Klima Extremwetterereignis Starkregen neu

Das gelegentliche Auftreten von Extremwetterereignissen ist Teil klimatischer Variabilität. Einzelne Ereignisse lassen sich nicht konkret den Auswirkungen des Klimawandels zuordnen, doch bedingt durch den Klimawandel werden Extremwetterereignisse in Zukunft häufiger auftreten. Auch in Osnabrück sind in der Vergangenheit bereits vermehrt Extremwetter aufgetreten  und haben große Schäden verursacht.

Um zu veranschaulichen, welche lokalen Auswirkungen Extremwetterereignisse nach sich ziehen können, wurden vier Beispiele aus der jüngeren Vergangenheit ausgewählt und u. a. hinsichtlich ihres räumlichen Schwerpunkts, des gesundheitlichen und finanziellen Schadens sowie vergleichbarer Ereignisse im Raum Osnabrück beschrieben.
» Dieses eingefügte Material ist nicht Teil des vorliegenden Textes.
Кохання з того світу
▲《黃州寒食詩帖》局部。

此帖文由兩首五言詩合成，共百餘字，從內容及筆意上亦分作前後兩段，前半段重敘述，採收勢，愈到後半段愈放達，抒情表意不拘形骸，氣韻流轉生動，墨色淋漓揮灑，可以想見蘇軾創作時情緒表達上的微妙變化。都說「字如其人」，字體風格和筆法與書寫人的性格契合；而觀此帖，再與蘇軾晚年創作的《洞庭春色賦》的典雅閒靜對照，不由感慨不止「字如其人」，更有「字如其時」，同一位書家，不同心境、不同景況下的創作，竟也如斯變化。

Beispiele für Extremwetterereignisse und deren Auswirkungen auf die Stadt Osnabrück:

  • Starkregen und Überschwemmung in 2010: Während das Tiefdruckgebiet Cathleen über Osnabrück zieht, fallen innerhalb von 24 Stunden 128 l/m² Niederschlag.
  • Orkan Kyrill in 2007: Das Sturmtief mit Starkregen erreicht Windgeschwindigkeiten bis zu 126 km/h (Windstärke 12).
  • Schneechaos in 2005: Das Sturmtief Thorsten mit anhaltendem, starken Schneefall führt zu Neuschneehöhen von bis zu 50 cm.
  • Jahrhundertsommer 2003: Hoch Michaela sorgt in den Monaten Juni und August für ungewöhnlich hohe Temperaturen (bis zu 36,8 °C) und langanhaltende Trockenheit.
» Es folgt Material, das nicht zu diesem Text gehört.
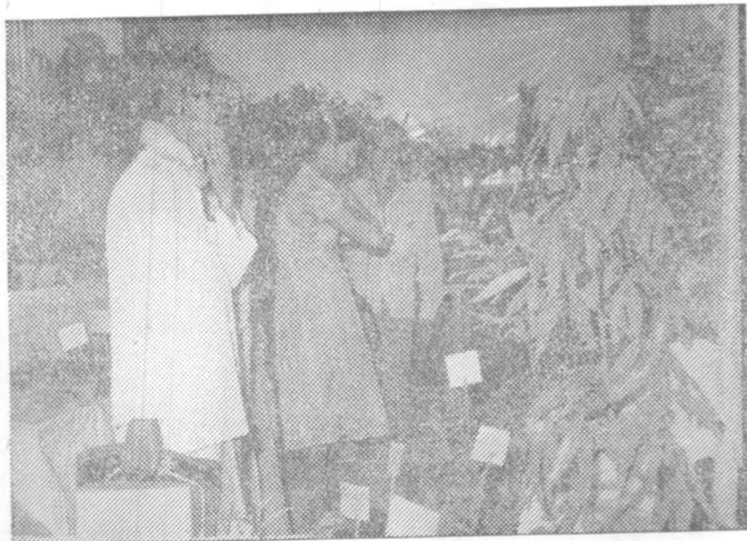
ප්‍රදර්ශනාගාරය තුළදී මාලෑටි පිළිබඳව පාරිභෝගිකයන්ගේ විමසිල්ල.

මහපොල ශිෂ්‍යත්වයේ තිබෙන විශේෂත්වය නම්, ආර්ථික අතින් අගහිඟකම් තිබෙන අයට පමණක් නොව උපරිම කුසලතා පෙන්වන ශිෂ්‍ය ශිෂ්‍යාවන්ද ශිෂ්‍යත්ව ලාභීන් වීම. අධ්‍යයන වර්ෂයකම කුසලතා මත පදනම් කර ගැනීමෙන්, ශිෂ්‍යත්ව සියයට පහළොවක් දෙනු ලබනවා. දකෂ-

Solche Beispiele aus der Vergangenheit geben einen ersten Hinweis darauf, an welchen Stellen die Stadt besonders betroffen ist bzw. geschädigt wird. Die lokalen Auswirkungen des globalen Klimawandels sind vielschichtig und betreffen eine Vielzahl von Bereichen und Aufgabenfeldern, die vor allem auf kommunaler Ebene von Relevanz sind. Spezifisch für Osnabrück sind das: Bauwesen und Immobilien, Hochwasserschutz, Stadt- und Landschaftsplanung, Grün- und Freiflächen, Katastrophen- und Bevölkerungsschutz, Wasserwirtschaft, Biodiversität bzw. Natur- und Artenschutz, Gesundheit, Mobilität und Verkehr.
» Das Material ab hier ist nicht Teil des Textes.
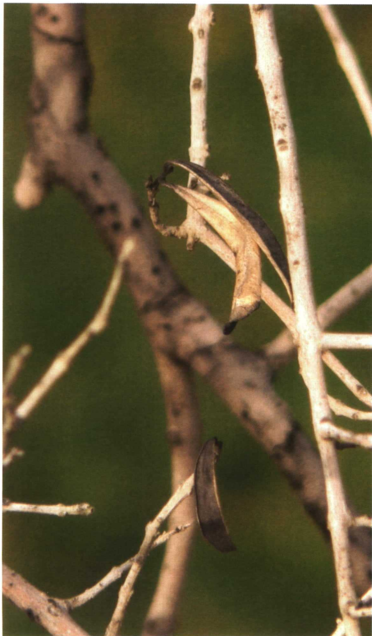
Ramas secas por la verticilosis y un problema secundario que suele acarrear, el barrenillo

Unter den Klimawirkungen, die diese Handlungsfelder in besonderem Maße betreffen, wurden u. a. Hitzestress (Gesundheit), die Gefährdung der öffentlichen und privaten Trinkwasserversorgung (Wasserwirtschaft), Biotop-Veränderungen bzw. der Verlust von Habitatfunktionen (Grün- und Freiflächen sowie Biodiversität bzw. Natur- und Artenschutz) sowie das Auftreten von Wetterextremen (Katastrophen- und Bevölkerungsschutz) identifiziert. Für diese Bereiche sind dementsprechend Maßnahmen und planerisches Umdenken von hoher Wichtigkeit, die die Auswirkungen abmildern und unsere Stadt resilienter machen.